I disagree (a bit). HTML is an application of SGML, that is true. But XML is a subset, not an application, of SGML. And XHTML is an application of XML. --GodsBoss?

So what you're saying is that XML has reinvented the wheel, yet again? Is XML turing-complete like LISP, or does it just happen to work for that trivial case?

It's more like an unrelated species that has evolved to fit the same niche than a reinvention. XML isn't turing complete because it doesn't do anything on it's own, but XSLT is.

"The whole notion of data vs. programs sucks."

Support that argument, please. Are you in favor of word macro/email viruses (Word/VB script)? Separation of data vs program is very important.

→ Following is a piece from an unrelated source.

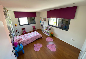 On the ground floor there is a fully equipped open space kitchen, spacious living & dinning open space areas with large sliding doors to the pool and garden.

The whole section above is in support of that argument. The (directory ...) sexpr is both a data fragment and a code fragment. So is the (defmacro dictionary ...) sexpr. There is no distinction between data and programs with sexprs in Lisp. Source code is usually seen as a representation of a program, but the compiler for a language needs to treat it as data and transform it to another representation (object files / class files / whatever). In Lisp, you don't need to change the level of abstraction in such drastic ways in order to treat programs as data or vice versa. You can just do it within the same framework. (See DataAndCodeAreTheSameThing)

See OoAndXml

That argument (macro viruses) crops up often, and it seems that a more important misunderstanding is hidden behind it. It is also sometimes brought up by newbies on c.l.l. It might be important to note that while data and code have the same representation, code must still be explicitly (when *real-eval* is nil) EVAL'ed. If one were to create a language that used XML as both its internal and external representation of code, it wouldn't magically be cursed with the uncontrollable execution of user input. If one looks at SQL injection exploits, it becomes clear that the problem of not EVAL'ing unsafe data is a programmer problem, not a language one.